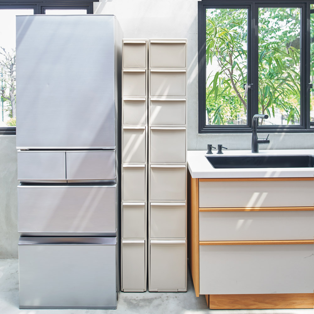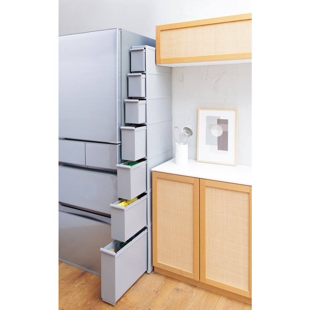 キッチンのすき間収納の中でも見映えのよさで選ぶならコレ!旬のニュアンスカラーが空間のおしゃれ感を壊さず、こだわりのインテリアに美しく調和します。トレンドのニュアンスカラーをキッチン収納にも♪●「スタイリッシュな家電を揃えても、収納用品が無粋で興ざめ」「インテリアになじむ素敵なデザインが見当たらない」とお嘆きの方におすすめのおしゃれなすき間収納です。●(ア)ホワイト(イ)ベージュ(ウ)グレーから、キッチンの雰囲気に合わせてお好きな色が選べます。●どの色も今の時代のトーンに合ったセレクト。少しくすみを加味したきれいめカラーで、チープな印象を与えません。●引き出し内の収納物が透けて見えないから、生活感もしっかり隠せます。●汚れがサッと拭き取れるポリプロピレン素材でお手入れも簡単。きれいな姿を長くキープします。●当商品は「グッドデザインロングライフデザイン賞」受賞のスリムストレージシリーズに、「隠す収納」のコンセプトを取り入れました。〜グッドデザイン賞とは〜デザインによって私たちの暮らしや社会をよりよくしていくという活動理念のもと、かたちのある無しにかかわらず、人が何らかの理想や目的を果たすために築いたものごとをデザインととらえ、その質を評価・顕彰するものです。幅も高さも選べて「欲しかったサイズ」が手に入る●幅は14cm・17cm・25.5cmからすき間に合わせて選べます。●高さは82cmと170.7cmをご用意。奥行は全タイプ46.5cm(取っ手含む)です。●高さ82cmはシンク横に置いて作業の延長スペースにも。天板上にちょい置きもできて便利です。●高さ170.7cmは収納力たっぷり。計7杯の引き出しに調味料から食品ストックまで、さまざまな物が整理できます。●このページでご購入できるのは「幅17cm・高さ82cmタイプ」です。引き出しの深さに合わせた効率収納が叶う!●引き出しの深さが各段で容量が違うので、収納物のサイズに合わせて細かく仕分けられます。・最上段はSサイズの引き出し。袋入りラーメンやレトルト食品、缶詰などを入れやすい内寸高16.2cm。・2段目はMサイズの引き出し。500ミリリットルのボトルやカセットボンベがスポッと収まる内寸高22.6cm。・最下段はLサイズの引き出し。2リットルのボトルが入る内寸高31cm。●引き出しにはストッパー付きで、抜け落ちの危険を防ぎます。●底面にはちょっと動かしたい時に便利なキャスター付き。●キッチンだけなく、洗面所やダイニングにも置けるルックスが自慢。家中あらゆるところで活躍します。●組立不要の完成品だから、届いたらすぐに使えます。●丈夫で丁寧なつくりの日本製です。シリーズ商品のご案内インテリアに調和する多段スリム収納は以下のシリーズ商品がございます。・ロータイプ・3段 高さ82cm 幅14cm・ハイタイプ・7段 高さ170.7cm 幅14cm・ロータイプ・3段 高さ82cm 幅17cm・ハイタイプ・7段 高さ170.7cm 幅17cm・ロータイプ・3段 高さ82cm 幅25.5cm・ハイタイプ・7段 高さ170.7cm 幅 25.5cm
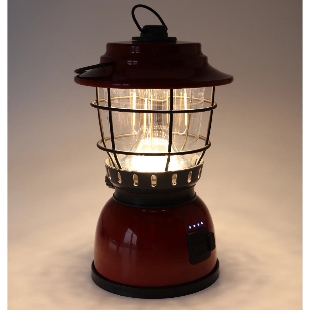 Robust og lyssterk campinglykt med klassisk utseende og moderne LED teknikk Lykten har både varmhvit LED filament som er meget dekorativt og kaldhvit LED med kraftig, hvitt lys. Begge kan dimmes trinnløst slik at man oppnår ønsket lysstyrke, opp til maks 500lm. Ladeport: USB C (USB-USB C kabel medfølger) Lampen er sprut- og støtsikker, med solid gitter og kraftig opphengsbøyle. Batteri: 4000mAh Lithium. Brukstid pr oppladning: Fra 2,5-216t avhengig av lysstyrke og modusOppladingstid 4 – 5t Campinglykten har også USB 5v1A utgang for lading av mobiltelefon etc. Vekt: 915 gr Dim: 237x146mmFinnes i to fargekombinasjoner: 600485 Rød/Svart600486 Matt Svart
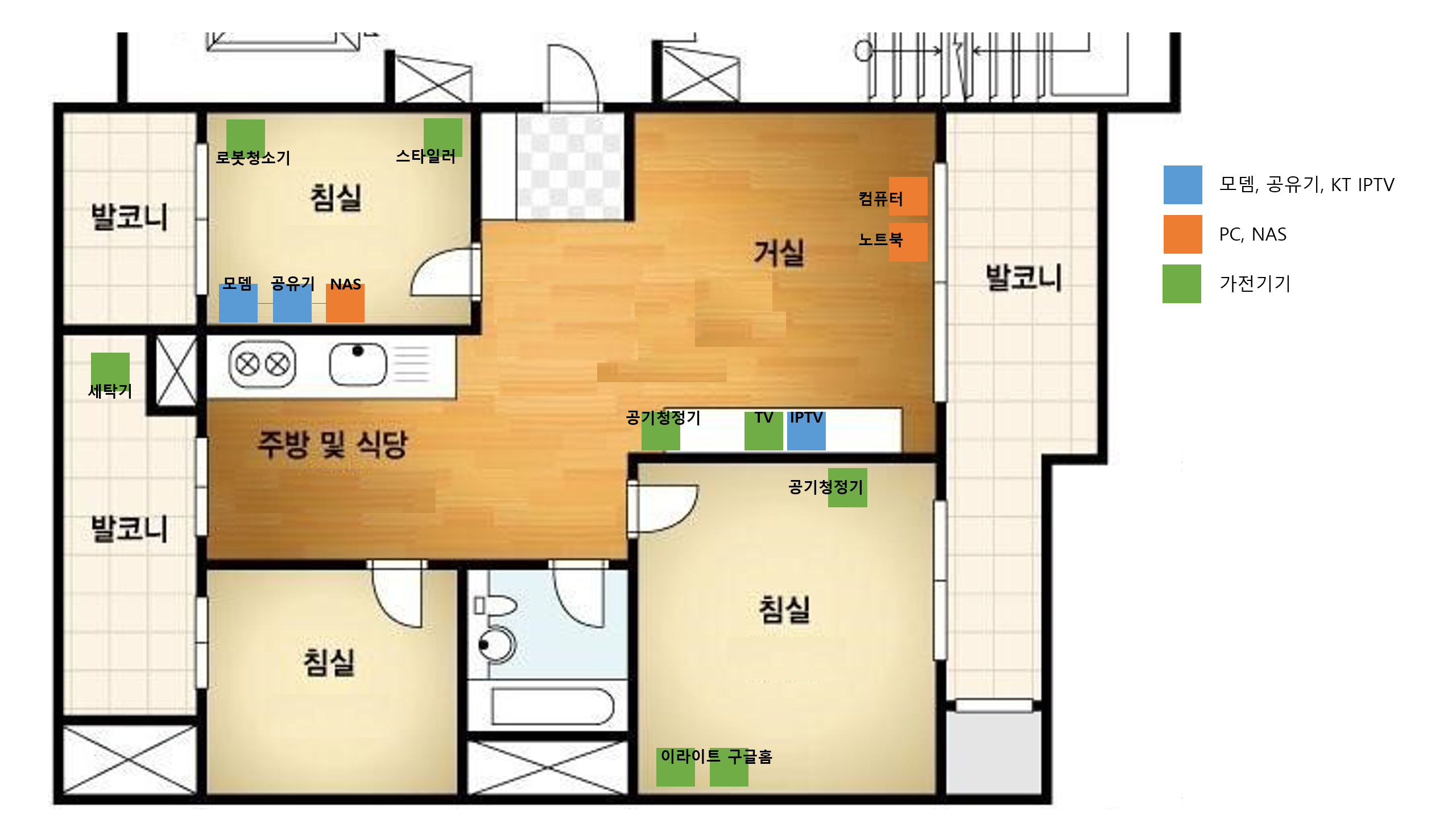 다행히도, 공유기 성능이 충분하여 부엌 발코니에 있는 세탁기도 문제 없이 무선으로 연결이 됩니다. 또한, 침실에 있는 이라이트나 구글홈도 끊김 없이 무선으로 잘 연결됩니다. 물론 스마트폰으로도 어디를 가던 와이파이의 끊김은 없고 속도도 잘 나옵니다. (그래봤자 집 인터넷 100M짜리...)
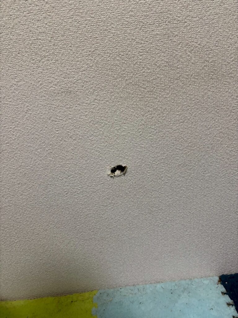 なんでも居住者の方、パイプベッドをご使用で、そのベッドで壁に穴を開けてしまったんだそうです。保険対応となりました為、審査等々にて少し、補修工事までの期間を頂きましたが、本日無事補修完了となりました。
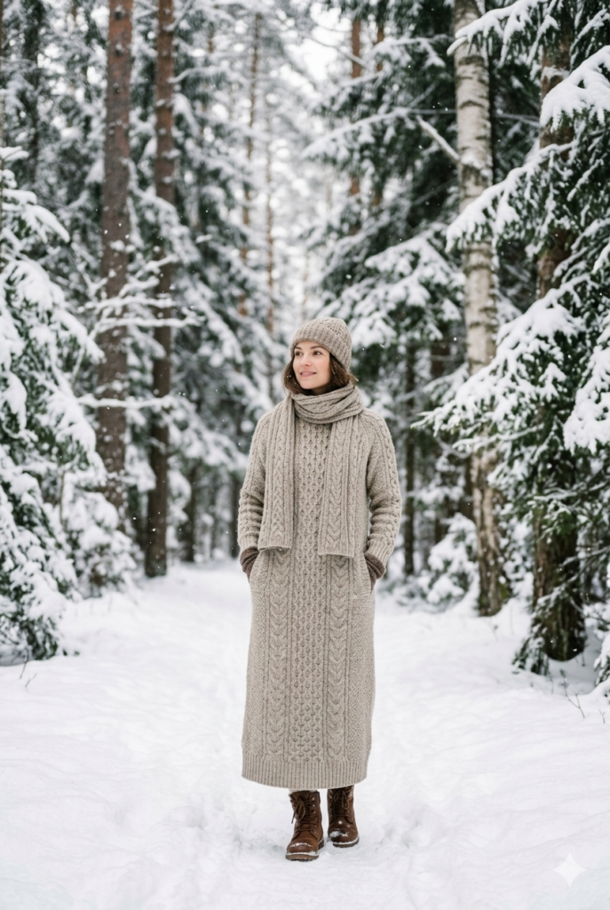 A cozy winter fashion photoshoot of a woman wearing a warm wool dress standing in a snowy forest, soft falling snowflakes, muted winter tones, natural soft lighting, peaceful atmosphere, professional lifestyle photography –ar 2:3
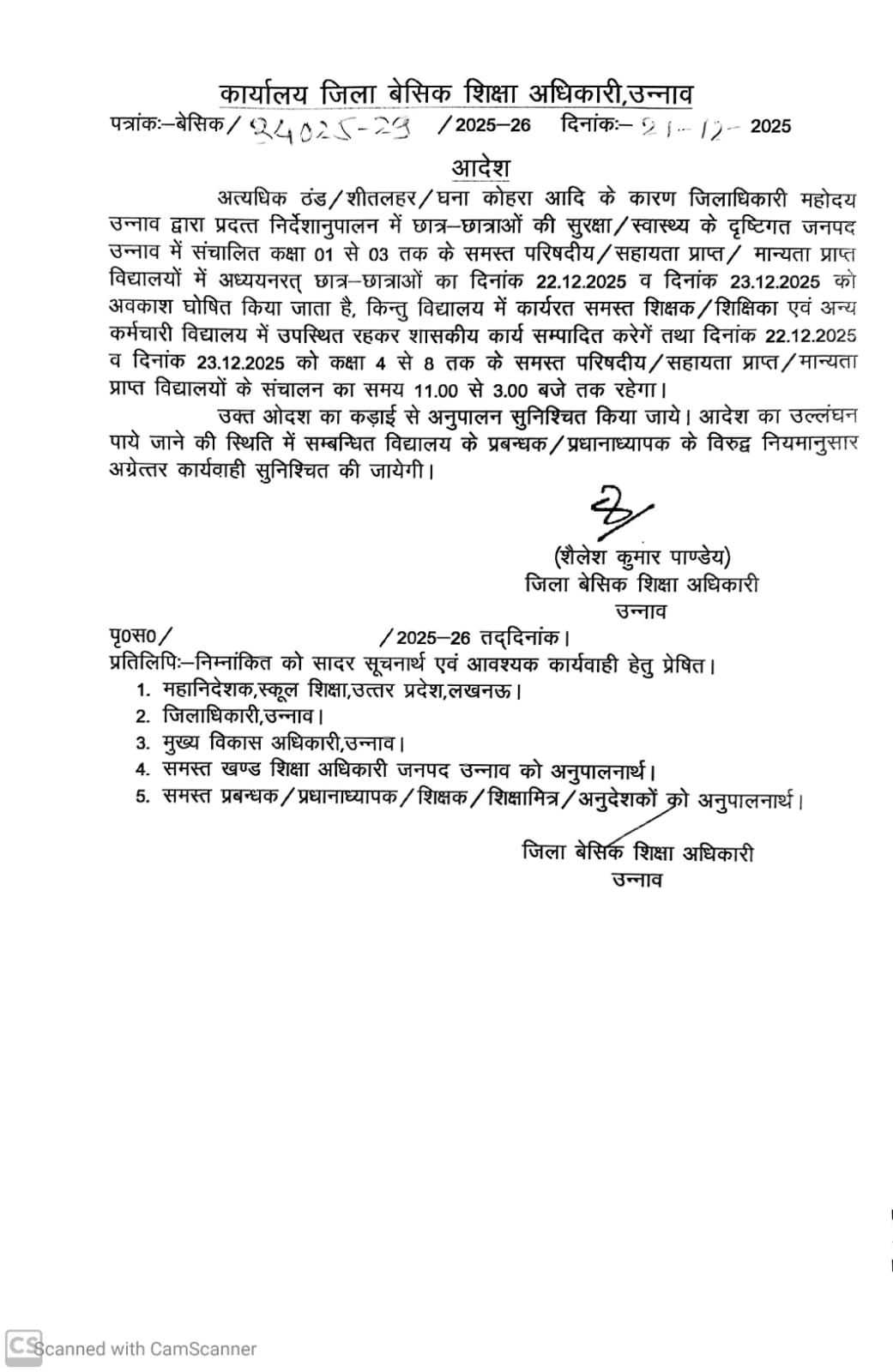 बेसिक विद्यालयों एवं सहायता प्राप्त/ मान्यता प्राप्त विद्यालयों में 22 एवं 22 एवं 23 दिसंबर 2025 को रहेगा अवकाश जिला बेसिक शिक्षा अधिकारी शैलेश पांडे ने जारी किया आदेश… Post navigation पुलिस अधीक्षक उन्नाव की अध्यक्षता में हुई मासिक अपराध गोष्ठी मगरवारा ग्राम चौपाल: पात्रों को योजनाओं से जोड़ने के डीएम ने दिए निर्देश

* Task brief: Using the records above, return word for word the lines that begin at the one containing "다행히도, 공유기 성능이" and end at the one containing "A cozy winter", both of them included and no pictures.

* Output for this exercise:
 다행히도, 공유기 성능이 충분하여 부엌 발코니에 있는 세탁기도 문제 없이 무선으로 연결이 됩니다. 또한, 침실에 있는 이라이트나 구글홈도 끊김 없이 무선으로 잘 연결됩니다. 물론 스마트폰으로도 어디를 가던 와이파이의 끊김은 없고 속도도 잘 나옵니다. (그래봤자 집 인터넷 100M짜리...)
 なんでも居住者の方、パイプベッドをご使用で、そのベッドで壁に穴を開けてしまったんだそうです。保険対応となりました為、審査等々にて少し、補修工事までの期間を頂きましたが、本日無事補修完了となりました。
 A cozy winter fashion photoshoot of a woman wearing a warm wool dress standing in a snowy forest, soft falling snowflakes, muted winter tones, natural soft lighting, peaceful atmosphere, professional lifestyle photography –ar 2:3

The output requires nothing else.